Minor skin and soft tissue infections, such as smaller boils or abscesses, may only require a treatment called incision and drainage. Incision and drainage involve piercing the tip of the boil or abscess with a sterile needle or scalpel. This encourages the pus to drain out, which should help relieve pain and stimulate the recovery process. Before having the procedure, they are likely to be given a local anaesthetic to numb the affected area.

More extensive skin infections, such as cellulitis which is an infection of the underlying layers of skin, will usually require a 5- to 10-day course of antibiotic tablets. It is hard to predict what antibiotic is given. The choice depends on the result of testing and, in some cases, what part of the country you live in. Different regions of England often have different patterns of antibiotic resistance.

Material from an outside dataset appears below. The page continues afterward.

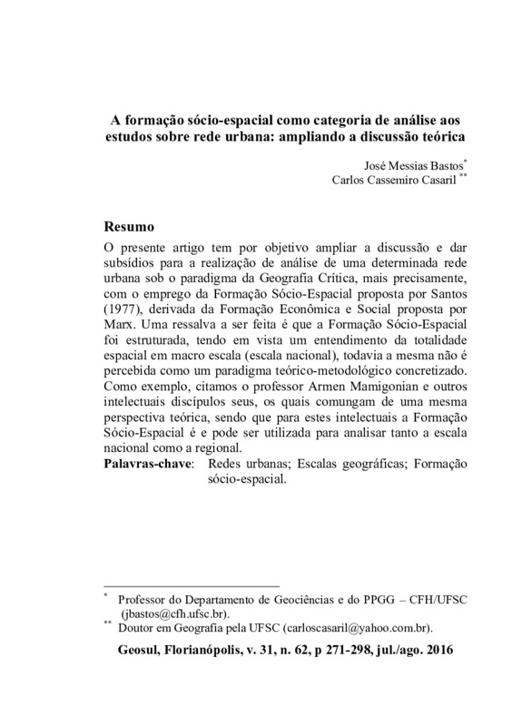 http://dx.doi.org/10.5007/2177-5230.2016v31n62p271O presente artigo tem por objetivo ampliar a discussão e dar subsídios para a realização de análise de uma determinada rede urbana sob o paradigma da Geografia Crítica, mais precisamente, com o emprego da Formação Sócio-Espacial proposta por Santos (1977), derivada da Formação Econômica e Social proposta por Marx. Uma ressalva a ser feita é que a Formação Sócio-Espacial foi estruturada, tendo em vista um entendimento da totalidade espacial em macro escala (escala nacional), todavia a mesma não é percebida como um paradigma teórico-metodológico concretizado. Como exemplo, citamos o professor Armen Mamigonian e outros intelectuais discípulos seus, os quais comungam de uma mesma perspectiva teórica, sendo que para estes intelectuais a Formação Sócio-Espacial é e pode ser utilizada para analisar tanto a escala nacional como a regional.

Patients are likely to be given a 7- to 14-day course of antibiotic injections if they develop a skin or soft tissue infection in the hospital and are more vulnerable to the effects of the infection. This might be because you have burns or a surgical wound.  If they develop MRSA in hospital after an invasive procedure, to reduce the risk of the infection being spread to other patients, it's likely that they will need to be transferred to an isolation room. 

They may be placed in a room by themselves or in a small ward with other people who have a MRSA infection. They should still be able to have visitors, but it is very important that they clean their hands thoroughly before and after visiting and before and after touching the patient.  Treatment for an invasive MRSA infection will involve a course of antibiotic injections. Depending on the type and location of the infection, this could last up to six weeks and a combination of antibiotics may be used.